Rockefeller to expand residential composting program

This July, the university will expand its composting program to include buildings such as the Graduate Students Residence (pictured above) and Sophie Fricke Hall.
Composting bins have become a familiar sight around Rockefeller University’s residential buildings—brown containers set out weekly alongside garbage and recycling. Inside are onion skins, coffee grounds, apple cores, and eggshells: food scraps that once went straight to landfill.
Those scraps are given new purpose as they are collected separately and transformed by the Department of Sanitation into nutrient-rich soil or renewable energy.
Now, that initiative is set to expand across campus, adding new bins outside the Graduate Students Residence and Sophie Fricke Hall to the initial round of collection sites located at Faculty House and Scholars Residence.

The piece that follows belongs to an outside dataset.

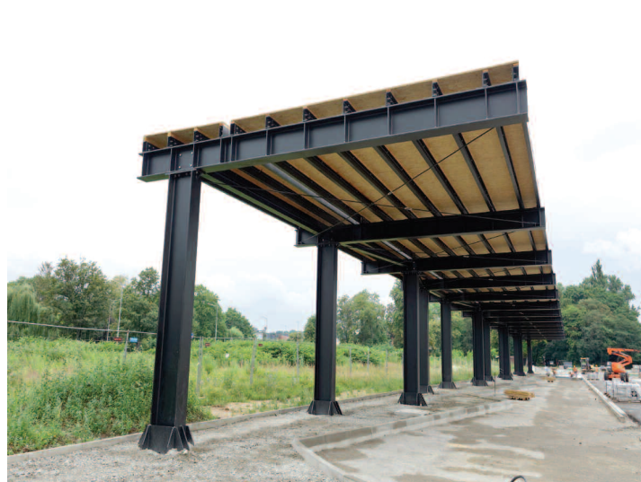
Budowa Centrum przesiadkowego w Nysie
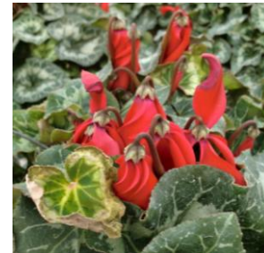
Brûlure des feuilles et des fleurs

“Over the next few weeks, we’re excited to grow this popular program,” says Alex Kogan, associate vice president of Plant Operations & Housing. “We’ve already seen our compost increase tremendously over the past year, because residents have really embraced it. It’s become part of the routine.”
New York City’s curbside composting program, which took effect this spring, requires all residents to separate food waste from regular trash. The city aims to reduce methane emissions from landfills and produce usable materials for local parks, gardens, and farms.
An early campus initiative
At Rockefeller, interest in composting was seeded well before the citywide mandate. A few years ago, a sustainability-minded graduate student proposed collecting food scraps near the on-campus daycare center to support a children’s vegetable garden. The idea resonated, and the university supported the effort.
“It was a nice, closed-loop idea—food waste helping to nourish the next crop,” Kogan says. “We thought it made a lot of sense.”
The program was briefly paused during the COVID-19 pandemic, but as it returned so did participation. To help residents compost effectively, Kogan’s team provides clear guidelines and regular reminders.
“You do have to be careful—things like plastic or metal can’t go in the compost,” Kogan notes. “But a little education helps, and people have been very conscientious.”
Meanwhile, the campus dining hall, which is managed by a third-party vendor, has taken other meaningful steps to support sustainability, offering more plant-forward meals, reducing meat-based options, eliminating single-use plastics, and donating surplus food to local nonprofits.
Kogan says the culture shift is clear: “People want to do the right thing, and now it’s easy. As you prepare your evening meal, simply carry your vegetable trimmings downstairs, confident they will be transformed into something truly beneficial.”